Wednesday, August 11, 2010
Summer Color with Crapemyrtles
Most of the flowering trees and large shrubs we admire in the landscape are spring bloomers. Think dogwood, cherry, magnolia….crabapple, pear, serviceberry….redbud, lilac and viburnum.
So, stunning summer flowering trees are a treat for the eyes. One of the most conspicuous small trees/large shrubs that I see at this time of year is Crapemyrtle, Lagerstroemia. Common flower colors are shades of pink and red but white cultivars exist. In addition to the showy flowers, Crapemyrtle bark is very attractive…shades of cinnamon brown and gray that exfoliates with age. One respected plantsman says “If Crapemyrtle never produced flowers or leaves, it would not be a bad thing.” That’s high praise for bark characteristics.
One reason Crapemyrtle is somewhat unusual in Pennsylvania landscapes is its hardiness. Unless you are in zone 6 or 7 it won’t survive. Even in zone 6, expect dieback to the ground in severe winters. What has helped make Crapemyrtle more popular is a breeding program from the National Arboretum which added both winter hardiness and disease tolerance from Lagerstroemia fauriei to Lagerstroemia indica, resulting in about 20 wonderful hybrids. These cultivars, developed by Dr. Donald Egolf, all have Native American tribal names, so they are easy to spot. Tuscarora, Natchez, Hopi, Sioux, etc. A list of National Arboretum selections and a thorough description will guide you to good decisions.

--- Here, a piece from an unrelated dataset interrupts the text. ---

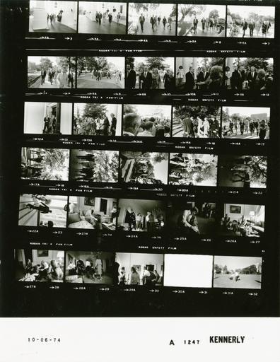 | Keywords: Ford A1247 NLGRF photo contact sheet (1974-10-06)(Gerald Ford Library).jpg White House Photographic Office WHPO is housed at the Gerald R Ford Presidential Library a branch of the National Archives and Records Administration NARA <br/><br/> This file is a 200 dpi photo contact sheet having images from roll of film A1247 of the August 9 1974 - January 20 1977 Gerald R Ford White House Photographic Office Series A0001-A9999 and B0001-B2886 photographs <br/><br/> The date on the photo contact sheet is the date the roll of film was processed not necessarily the date the photographs were taken See table below for additional details 1974-10-06 Gerald R Ford Presidential Library Image http //www fordlibrarymuseum gov/library/whphotos/A1247_NLGRF jpg A1247_NLGRF jpg from http //www fordlibrarymuseum gov/library/whphotos/19741006whpo pdf White House Photographs October 6 1974 of the http //www fordlibrarymuseum gov/Library/whphotos/whpo asp White House Photographic Collection page White House Photographic Office WHPO <br/> Creator David Hume Kennerly PD-USGov Institution Institution Gerald R Ford Presidential Library Table wikitable sortable + Photo contact sheet A1247 U S President Ford Administration Gerald R Ford Library Frame s Tone Subject proper Subject generic Names Geographic Location Photographer Date - 2A-3A BW Going to Sunday Services at St John's Episcopal Church walking GRF Susan Ford Janet Ford Secret Service North Portico Kennerly 1974-10-06 - 4A-5A BW Going to Sunday Services at St John's Episcopal Church walking GRF Susan Ford Janet Ford Secret Service Media North Driveway Kennerly 1974-10-06 - 6A-9A BW Going to Sunday Services at St John's Episcopal Church walking; moving toward camera GRF Susan Ford Janet Ford Secret Service Media Washington DC Lafayette Park Kennerly 1974-10-06 - 10A-11A BW Prior to Sunday Services walking GRF Susan Ford Janet Ford Secret Service Media Washington DC Outside St John's Episcopal Church - Lafayette Square Kennerly 1974-10-06 - 12A BW Departure from Sunday Services at St John's Episcopal Church walking out door GRF Susan Ford Janet Ford Washington DC Outside St John's Episcopal Church - Lafayette Square Kennerly 1974-10-06 - 13A-15A BW Following Sunday Services at St John's Episcopal Church greeting handshaking GRF Susan Ford Janet Ford Parishioners Washington DC Outside St John's Episcopal Church - Lafayette Square Kennerly 1974-10-06 - 16A-20A BW Returning to White House from St John's Episcopal Church walking GRF Susan Ford Janet Ford Secret Service Media Washington DC Lafayette Park Kennerly 1974-10-06 - 21A BW Returning to White House from St John's Episcopal Church walking GRF Susan Ford Janet Ford Secret Service Media North Driveway Kennerly 1974-10-06 - 22A BW Returning to White House from St John's Episcopal Church walking up steps GRF Susan Ford Janet Ford North Portico Kennerly 1974-10-06 - 23A BW Pet Golden Retriever seated petting dog Susan Ford Liberty Second Floor - West Sitting Room Kennerly 1974-10-06 - 24A BW daughter-in-law of GRF; wife of Michael Ford standing; GRF kissing Gayle Ford GRF Janet Ford Michael Ford Gayle Ford Second Floor - West Sitting Room Kennerly 1974-10-06 - 25A BW Pet Golden Retriever Mike kneeling petting dog Michael Ford Liberty Second Floor - West Sitting Room Kennerly 1974-10-06 - 27A BW daughter-in-law of GRF; wife of Michael Ford - Pet Golden Retriever seated; GRF petting dog GRF Gayle Ford Susan Ford Liberty Second Floor - West Sitting Room Kennerly 1974-10-06 - 28A BW sister-in-law of GRF - Pet Golden Retriever walking toward Center Hall GRF Janet Ford Susan Ford Liberty Second Floor - West Sitting Room Kennerly 1974-10-06 - 29A BW sister-in-law of GRF standing talking GRF Janet Ford Susan Ford Michael Ford Others Second Floor - West Sitting Room Kennerly 1974-10-06 - 30A BW Kennerly 1974-10-06 - 31A BW Photo Opportunity with Pet Golden Retriever posing on lawn with dog - White House and OEOB in background GRF Susan Ford Liberty South Lawn Kennerly 1974-10-06 - 26A BW daughter-in-law of GRF; wife of Michael Ford - Pet Golden Retriever seated; GRF petting dog GRF Gayle Ford Liberty Second Floor - West Sitting Room Kennerly 1974-10-06 Gerald R Ford Presidential Library and Museum-cooperation PD-USGov Contact sheets by the Ford White House October 1974 Photographs by David Hume Kennerly from 1974 |

Aside from being marginally hardy for parts of Pennsylvania, the plant is tough as nails. Yea, Japanese beetles like to chew on them and reference books describe other pests… but nothing life threatening. Crapemyrtles thrives in hot spots and tolerate poor soil. Full sun exposure is best.
So, if you have a hot spot in the landscape that can accommodate a multi-stemmed tree/shrub which will mature between 10 and 20 feet, and you would like a splash of bright color in the landscape in mid-summer, think Crapemyrtles. Start with the National Arboretum selections and beware of hardiness requirements. I counted more than 60 cultivars in my reference books, not all of them are appropriate for Southeastern Pennsylvania.